Изменить размер шрифта - +
Скрайбер проделала эту операцию уже девять раз и собирается продолжать в том же духе бесконечно, если не падет от руки убийцы, не будет укушена змеей, если в нее не угодит молния — а это, кстати, единственное, что ее волнует в этом волшебном мире. Скрайбер говорила мне, что одна ее соплеменница сделала рекордное количество пересадок, износив вдрызг тридцать три клона; к этому времени она напрочь выжила из ума и однажды заснула, лежа в луже лицом, и утонула. Я спросила, есть ли в этом мораль. Скрайбер сказала: «Разумеется. Не спи в луже, а то можешь умереть». Не знаю, шутка это или нет.

Мой второй друг — дипломат совсем не стар, по крайней мере, для своего племени; он не принадлежит к моему полу, не вполне двуногий, но может дышать кислородом, когда этой жертвы требует его дипломатический долг. Имени у него нет, только обонятельный образ, заменяющий подпись и напоминающий мне о ношеных носках. Кислородная атмосфера заставляет моего друга кашлять, извергая язычки голубого пламени; но он в состоянии контролировать этот процесс и превращать его в подобие человеческой речи. Это создает некоторые затруднения в диалоге, поскольку ему нужно три минуты дышать, чтобы одну минуту говорить. Иначе голубое пламя найдет менее удобный путь наружу.

Мой друг проявляет исключительный интерес к Земле, которую он посетил в ранней юности, примерно году в 1837‑м по старому летосчислению. Добиться взаимопонимания с окружающими ему не удалось — если только смертельный ужас не называть взаимопониманием. Мой друг похож на железного крылатого черта с рожками, да еще выдыхает пламя — в те непросвещенные времена такой вид казался непростительно экстравагантным.
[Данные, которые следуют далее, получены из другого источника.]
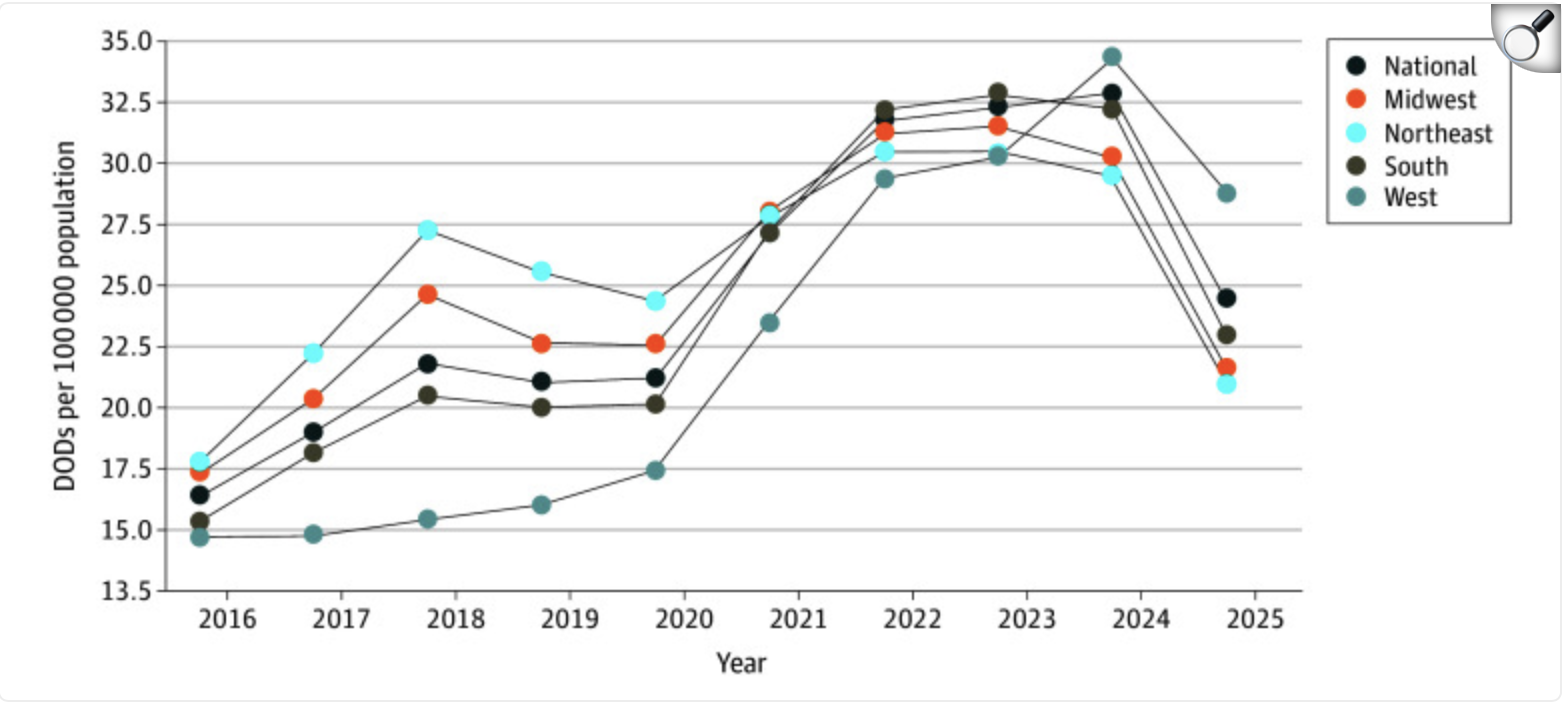 Annual Drug Overdose Death (DOD) Rates by US Census Region From October 2015 to October 2024. | NIH
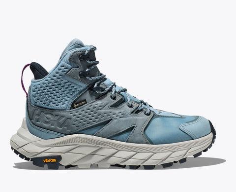 Hoka Anacapa Mid Gtx-Schuhe für Damen. Der Anacapa Mid GORE-TEX ist ein Wanderschuh, der mit nachhaltigen Methoden hergestellt und für Wochenendabenteuer konzipiert wurde und Ihnen ermöglicht, die Natur in vollen Zügen zu erleben. Dieses vielseitige Modell besteht aus leichtem, von der Leather Working Group zertifiziertem Leder und verfügt außerdem über einen Kragen, ein Netzgewebe und Schnürsenkel aus teilweise recyceltem Polyester. Dieser wasserdichte Wanderstiefel verfügt über eine Fersenschlaufe und eine Einlegesohle auf 50 % Sojabasis. Er verfügt über GORE-TEX-Technologie und recyceltes Material, das Ihren Fuß auch bei Nässe angenehm und trocken hält. Der Anacapa Mid GORE-TEX ruht auf einer Vibram® Megagrip-Sohle für hervorragende Traktion auf unebenem Untergrund.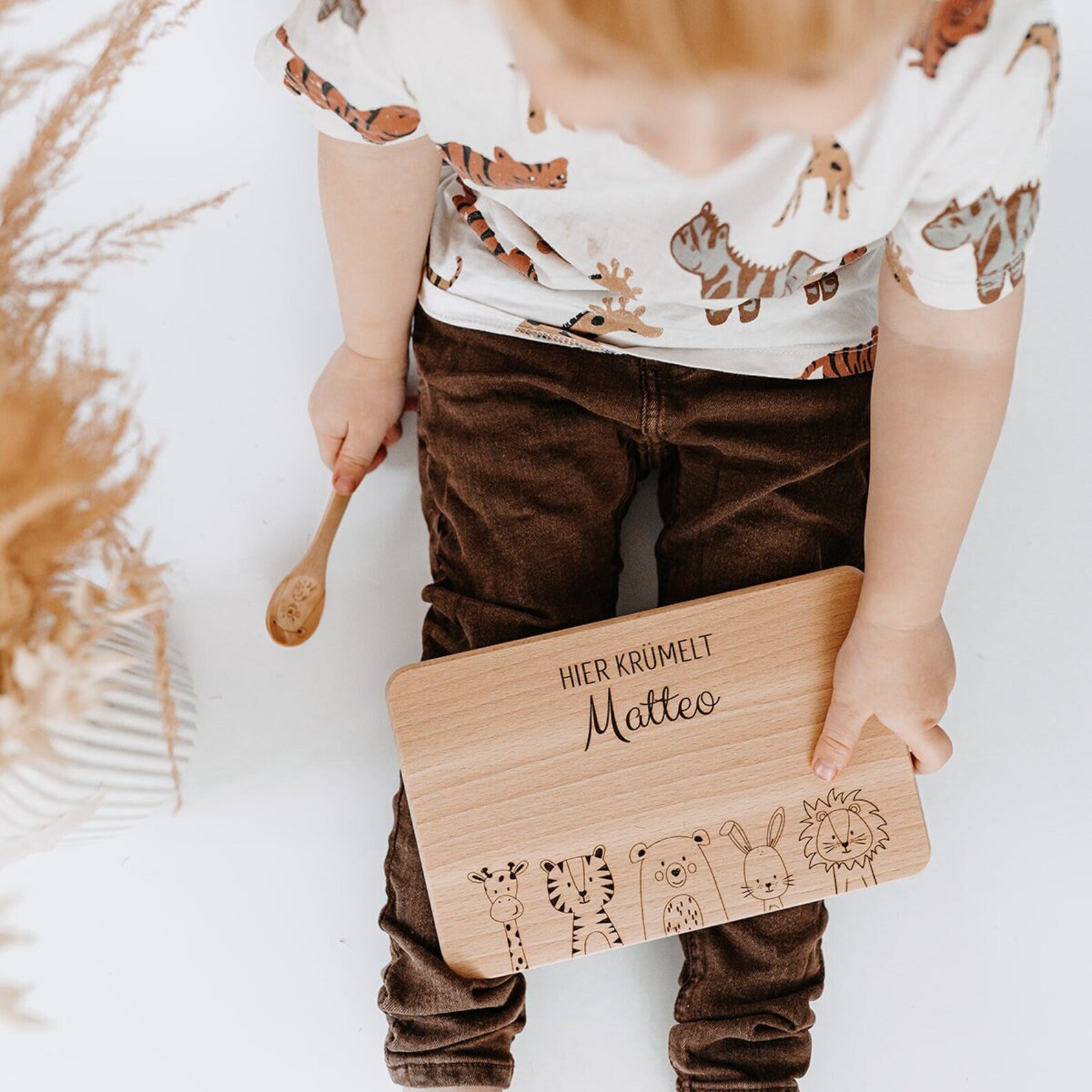 Starte den Tag mit einem Lächeln! Dieses personalisierte Frühstücksbrettchen wird mit dem Namen deines Kindes und einem süßen Tiermotiv graviert. Aus hochwertigem Buchenholz in 22x14cm Größe. Handgefertigt in Hamburg mit Liebe zum Detail. Perfekt für das tägliche Frühstück oder als besonderes Geschenk zur Taufe, Geburtstag oder Geburt. Einfach mit feuchtem Tuch reinigen - nicht spülmaschinenfest. Mach deinem Kind eine Freude mit diesem einzigartigen Unikat!

Конечно, мой любимый друг Прайм, ты скорее вампир, чем демон. Мы немного поболтали по случаю этого юбилея. Я попросила ее появиться, так сказать, в натуральном виде. Последние полвека или около того она обычно материализуется в очень скромном одеянии, несколько ностальгического покроя, вероятно, чтобы поберечь мои чувства. Я хотела сверить ее вид со своими воспоминаниями. Думала, выгляжу лучше — прости, старушка. Ты вполне сексуальна как кибернетический раздражитель.

Коснувшись этого вопроса, пользуюсь случаем признаться, что скучаю по ВР как по чему‑то вполне реальному. Несколько лет назад, после того как у меня случился обморок, мне запретили пользоваться машиной. Для меня это был единственный способ почувствовать мир, миры, как они есть на самом деле. Даже когда ивилой переносил меня на другие планеты, я видела и слышала мир только процеженным через старые тусклые порталы из прошлого.

Я правда считаю, что по достижении ста лет, или 313, вам должны не ограничивать, не запрещать, а увеличивать время пользования ВР‑модулями. Это проясняет память, помогает разобраться в прошлом. После века жизни воспоминаний хватает!

В «комнате грез» я привыкла встречаться с Дэниелом, которого нет в живых уже сорок два коротких года. И с Сандрой, которой нет почти пятьдесят лет. Смерть Дэна была оглушительной, как удар молотком. Но когда погибла Сандра — меня словно обезглавили. Не знаю, как выжила. Дэн умер от рака; нескольких недель мучительных страданий хватает, чтобы как‑то подготовиться к некоторым вещам. Сандра погибла во время извержения вулкана в Нотерли, вместе с отрядом студентов, изучавших вулканические явления.

Ох, ладно. Встречи в ВР только притягивают призраков. Может, лучше дать им покой?

Как хорошо, что я вела дневник сорок девять долгих лет. Где‑то в начале я выразила надежду, что проживу достаточно долго, чтобы сделать запись в свой сотый день рождения. Нужно бы придумать что‑то элегическое и мудрое. Но с тех пор как я воображала себя мудрой или хотя бы смышленой, прошло столько лет…

Сейчас я в принципе смышленая, но очень медлительная. Когда тратишь уйму времени, подбирая ответ, люди считают это проявлением глубокомыслия. На самом деле — это просто размягчение мозгов.